Many bacteria belong to the opportunistic flora. They can be located in almost all parts of the body, most often in the gastrointestinal tract. One of the representatives of such microorganisms is Enterobacter cloacae. These bacteria live together with a person constantly, and do not harm his condition in any way. Under the influence of unfavorable factors, they begin to multiply intensively, as a result of which they become pathogenic. Enterobacteriaceae are ubiquitous; they can live both in a free state (in rivers, wastewater, on the surface of plants) and inside the body of humans and animals. Enterobacter cloacae are saprophytes that live on the mucous membrane of the small and large intestines, in the distal parts of the digestive tract.

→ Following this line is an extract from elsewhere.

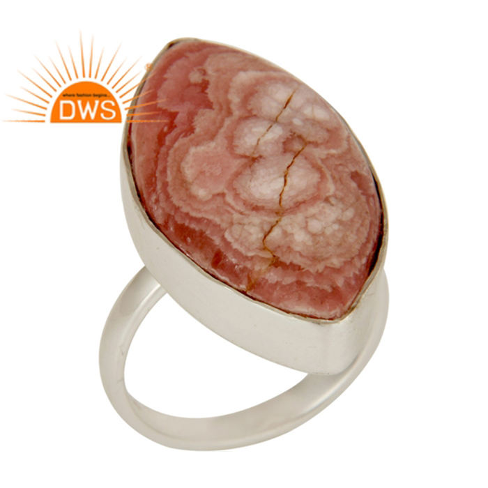 Classic Collection Rhodochrosite Gemstone Bezel Set Statement Ring Wholesale Sterling Silver Chunky Ring Jewelry
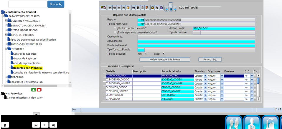 Queryx7® -> Mantenimiento General -> Parámetros Generales -> Reportes à Reportes con Plantilla.

What is a biochemical stool analysis?

Unlike other types of stool collection, biochemical analysis is convenient, fast and highly informative. Called express diagnostics, biochemical analysis has one single function - determining the spectrum of fatty acids in the patient’s body. It is fatty acids that are the main result of the rapid activity of the colon microflora. This process allows not only to identify and recognize the number of pathogenic and opportunistic microorganisms in the intestine, but also to establish the place where the most significant changes and disturbances occurred.

Among the advantages of this research method are:

Speed. The results of biochemical analysis can be known within an hour after stool collection. High sensitivity. This technique allows you to make a diagnosis of the patient as accurately and clearly as possible. Ease of verification. If you are unable to deliver stool to a medical facility within three hours of collection, do not worry. Having ordered a biochemical analysis, you can deliver the material to the hospital even the next day. No additional nuances during preparation. Biochemical analysis of feces is a modern, fast and quite convenient method for studying the state of the intestinal microflora.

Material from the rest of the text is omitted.